Bireylerin diğer alternatif yatırım aracı, menkul ve gayrimenkullerdir. Türk halkının en gözde yatırım alanları içerisinde yer alır. İyi bir ev ya da arsa almak, konumu iyi olan bir yere yatırım yapmak, aslında çok kolay bir durum değildir. Menkul ve gayrimenkulde kazanmanın yolu, siyaset alanında gezip dolaşmaya ve kur yapmaya ihtiyaç vardır. Nereye havaalanı yapılacağını, nereden otoban geçeceğini, nereye baraj yapılacağı bilgisini vatandaştan önce öğrenirseniz kazanırsınız. Örneğin, havaalanı yapılacak yeri öğrendiğinizde o bölgedeki gariban vatandaşın, köylünün arazisini cüzi paraya kapatanlar, büyük vurgunu vururlar. Metrekaresini 50 TL’ye aldıkları araziyi metrekaresi 1500 TL’ye satabilirler. Metrekare başına 1450 TL kazanırlar. Bu durumda etik bir sorun var mıdır? Bu konuyu okurların vicdanına bırakıyorum. Türkiye’de arsa iyi bir yatırım alanı iken konut aynı düzeyde iyi bir yatırım olarak ele alınmaz. Arsa için de imar geçeceğini biliyor olmanız, size kazanç sağlayabilir.

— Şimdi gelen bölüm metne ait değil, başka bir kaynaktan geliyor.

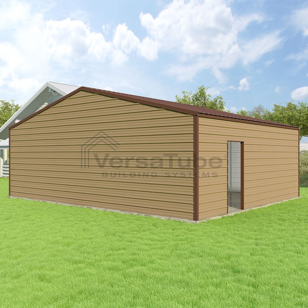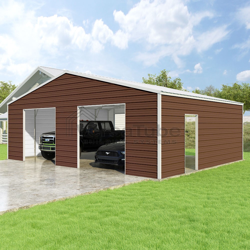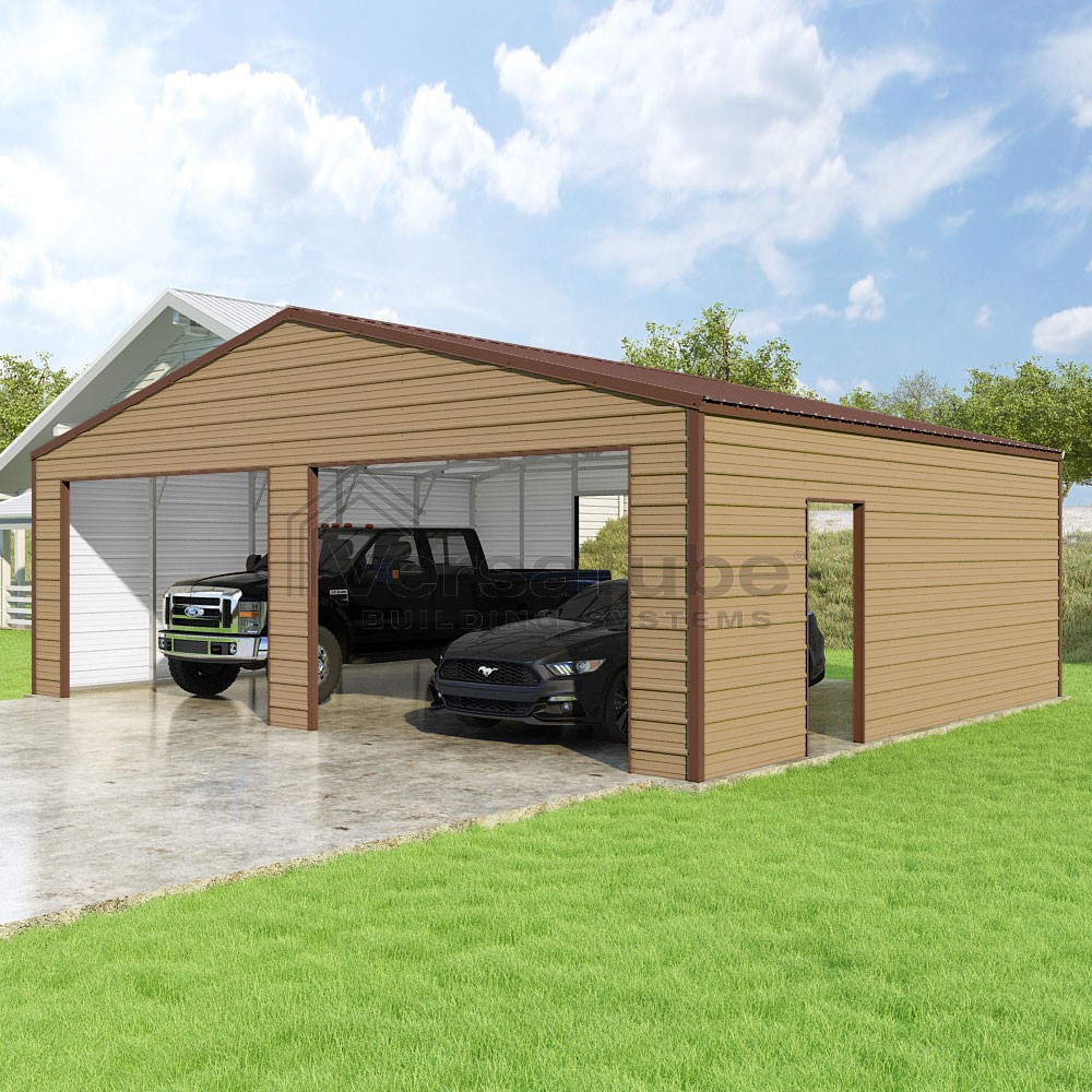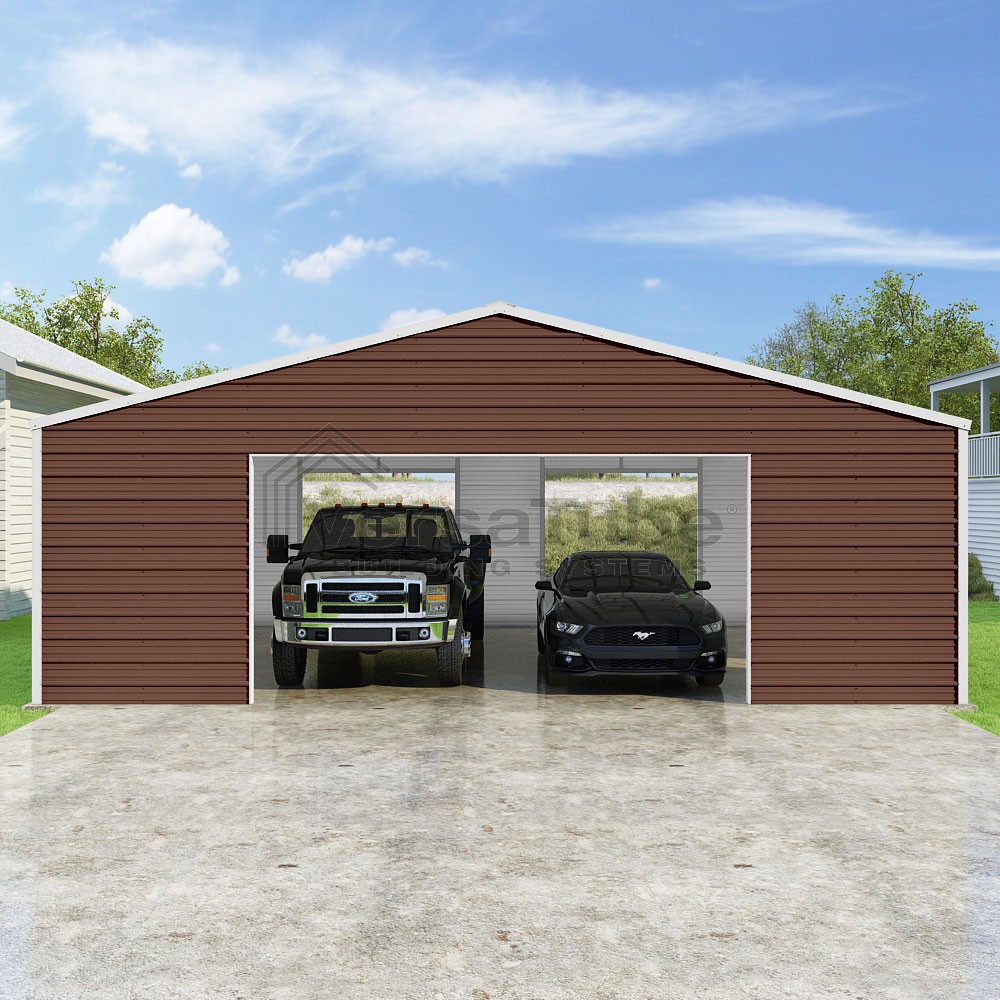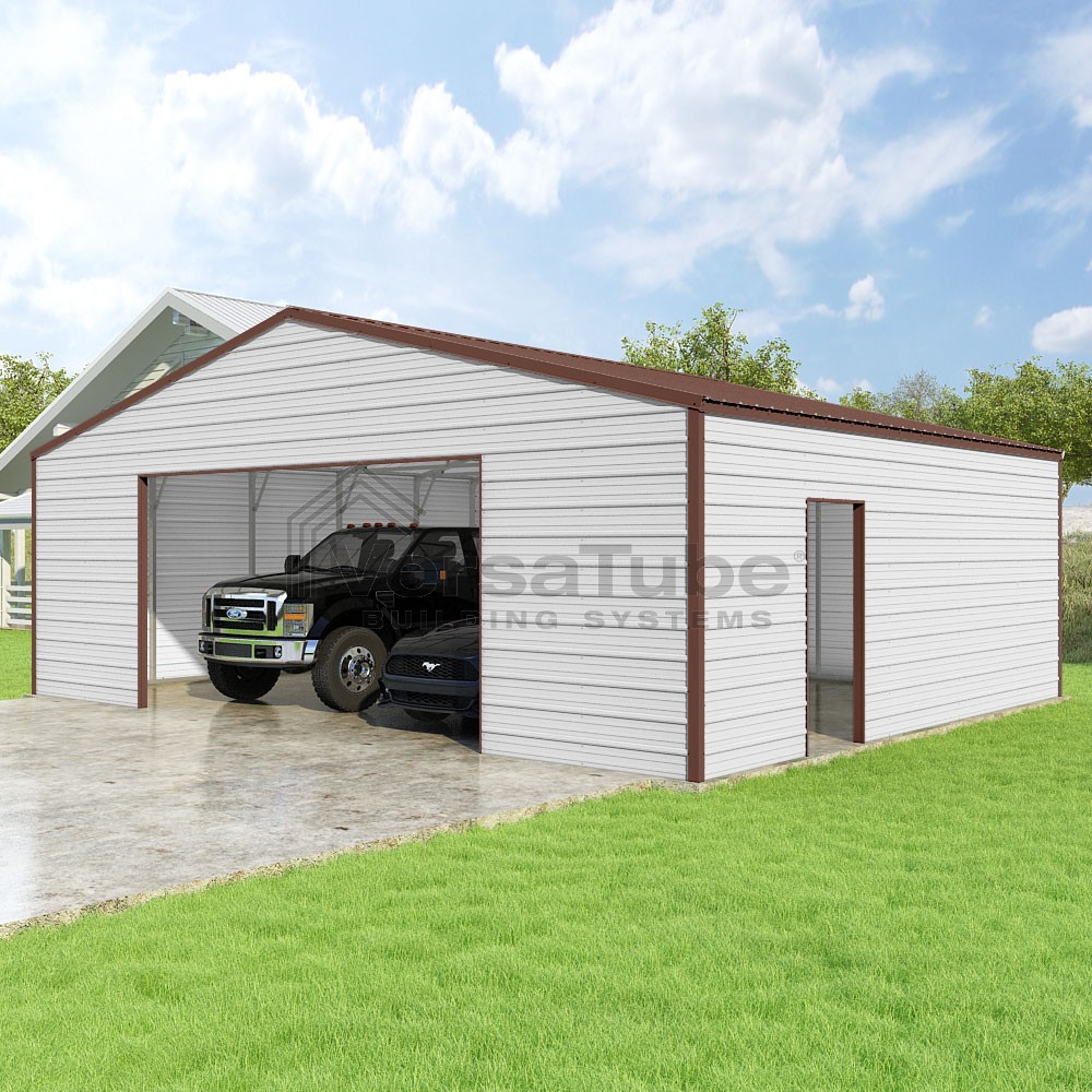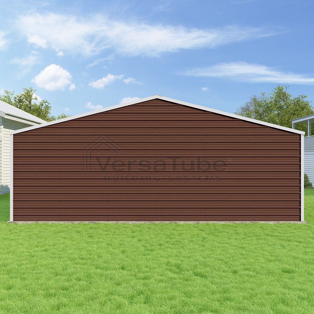 Frontier Series DIY garage kit features vertical sheet metal roof panels with horizontal siding panels..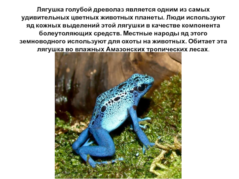 Слайд 15Лягушка голубой древолаз является одним из самых удивительных цветных животных планеты.
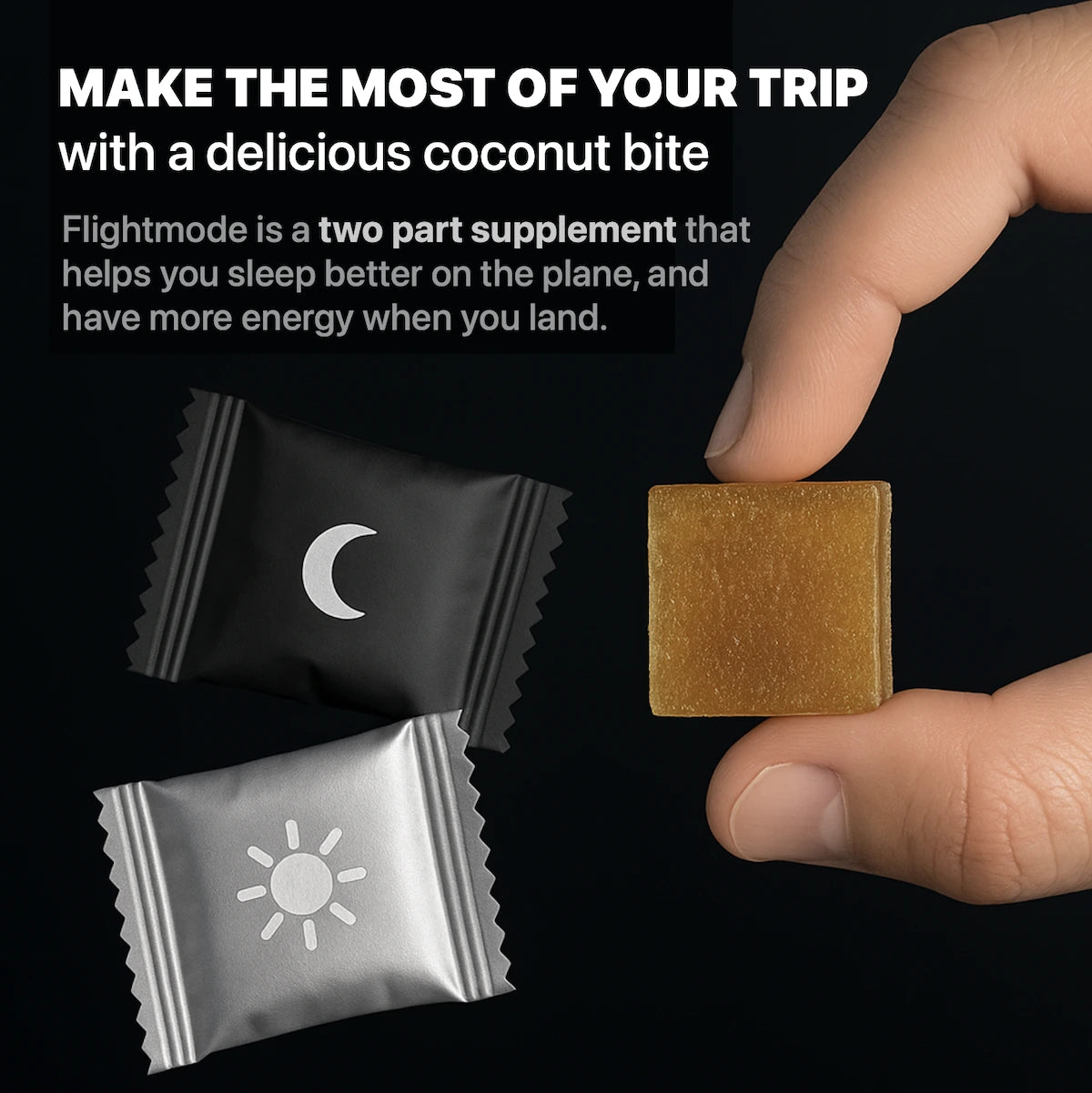 Skip the sketchy melatonin cocktails. Flightmode coconut bites hit harder with real, science-backed ingredients that help you conquer jet lag and stay in rhythm, naturally without habit forming synthetic ingredients.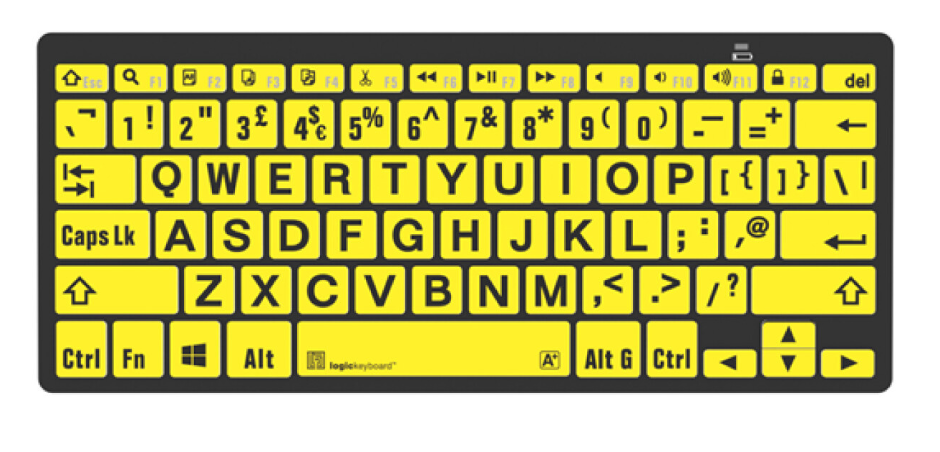 A Logickeyboard XLPrint Bluetooth Black on Yellow UK PC billentyűzet az iparág első, nagy betűméretű Bluetooth mini billentyűzete, amelyet látássérült és idősebb felhasználók számára terveztek. A sárga háttérre nyomtatott, nagy kontrasztú fekete betűk javítják a láthatóságot, csökkentik a gépelési hibákat és a szem fáradását.
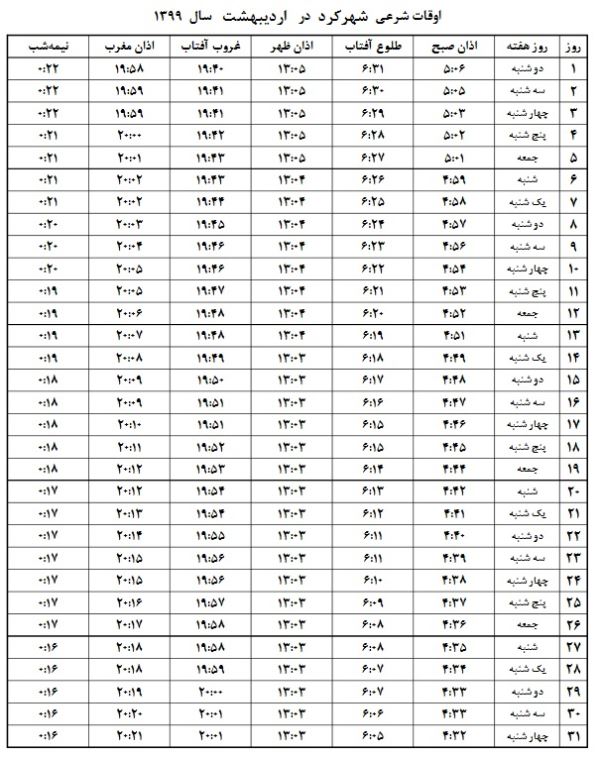 اوقات شرعی ماه رمضان ۹۹ شهرکرد: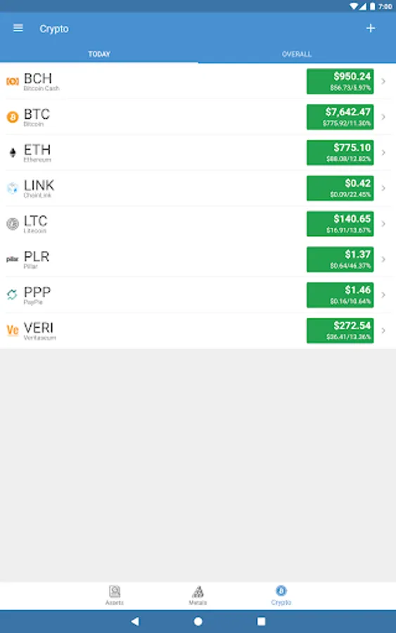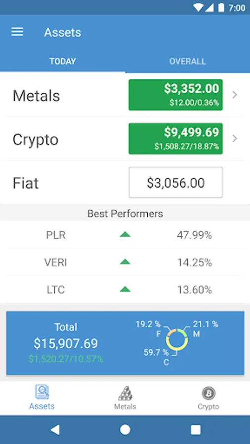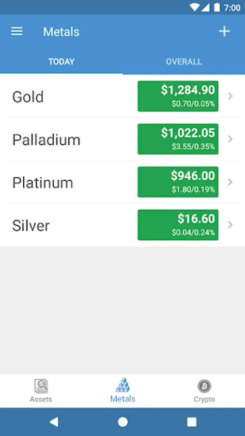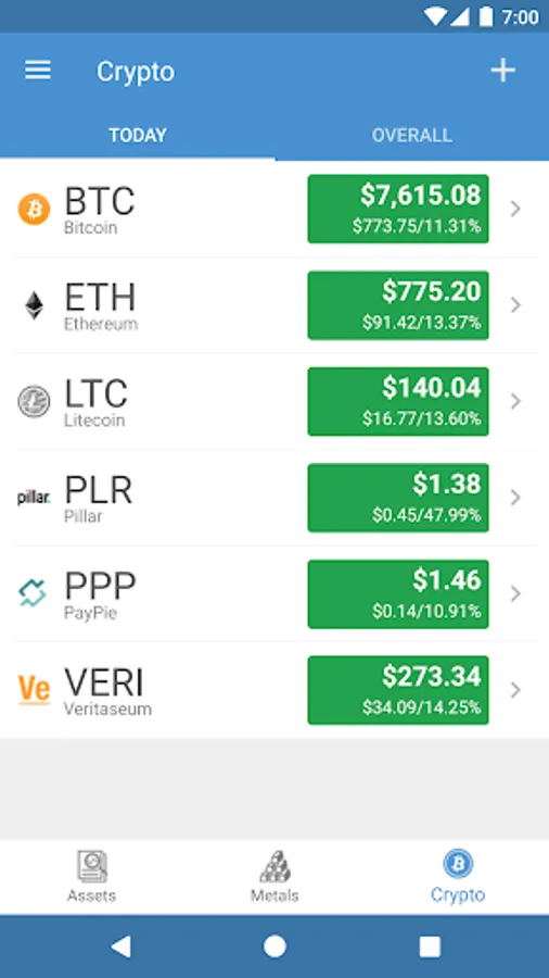 Alt(ernative)folio is the perfect tool to have instant access to your net worth across alternative investments like precious metals and crypto currencies! Track your gains/losses with the transaction management features! If you have no historical record of your purchases, no problem! Just specify the quantity of the asset and Altfolio will even let you track transactions from that point forward.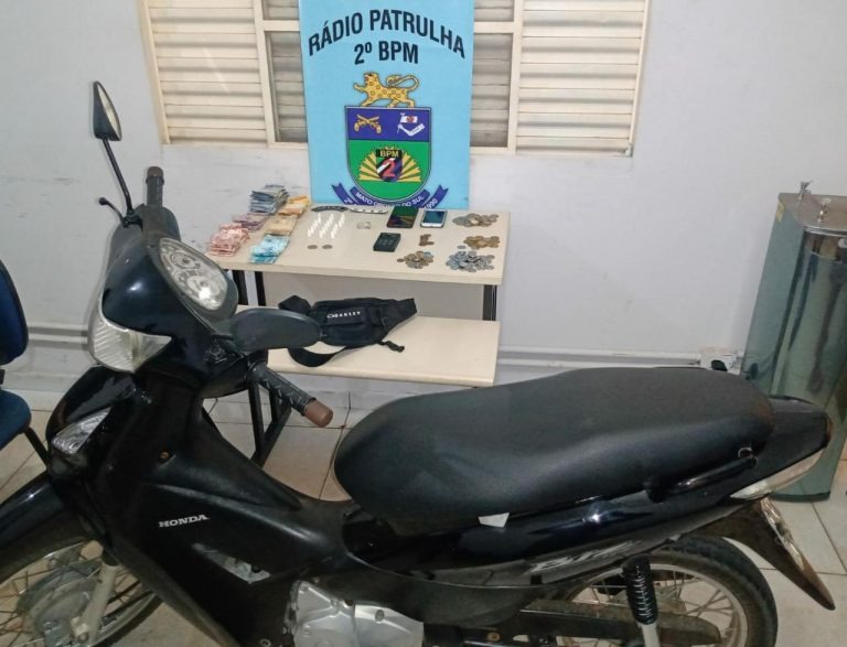 No veículo estavam um jovem de 20 anos e uma mulher de 25 anos, os quais traziam consigo 02 pinos de cocaína e cerca de 5 gramas de maconha, além de R$ 531,00, uma máquina de cartão (mercado pago), indicando possível envolvimento com a mercância de drogas. Em checagem do veículo Honda Biz foi constatado ser produto de furto.

Sonuç olarak bir Türk atasözünde ifade edildiği gibi: “Çok laf yalansız, çok para haramsız olmaz.” Bu arada, helal yoldan kazananları tenzih ederim. En iyi yatırım aracı, geliri sabit de olsa, güvenilir kurumlara ait olan yatırım araçlarıdır. Yatırıma dönük, ARGE ile desteklenen, inovatif özellikleri taşıyan ve farklı müşteri değer önerisi yaratan her türlü yatırım alanı, biraz risk taşısa da, kısa ve uzun vadede yatırımcısına para kazandırır. Memur kimliğine sahip olan bireylerin bu tür yatırımlara yönelmeleri olanaksızdır. Kıt kanaat geçinen işçilerin, asgari ücretle çalışan kişilerin yaşam mücadelesi verdiği ülkede, denk bütçeyi oluşturup gelecek ayın maaşından eksiltmeden yaşamına devam etmesi büyük başarıdır. Okulların öğrencilerine ekonomik açıdan yeterli düzeyde eğitim veremediği, ekonomik açıdan sağlıklı bireyler yetiştiremediği açıktır. Eğitim sisteminin aktörleri, karar vericileri, eğitimin ekonomik işlevini daha işe vuruk hale getirmek için, eğitim sisteminin müfredatını yeniden gözden geçirip, toplumun ihtiyaçları doğrultusunda düzenlemesi gerekir. Aksi taktirde sömürülen, alın teri çalınan, çoluk çocuğunun üç kuruş rızkını kaybedip intihar eden kişilerle daha çok karşılaşmak zorunda kalabiliriz.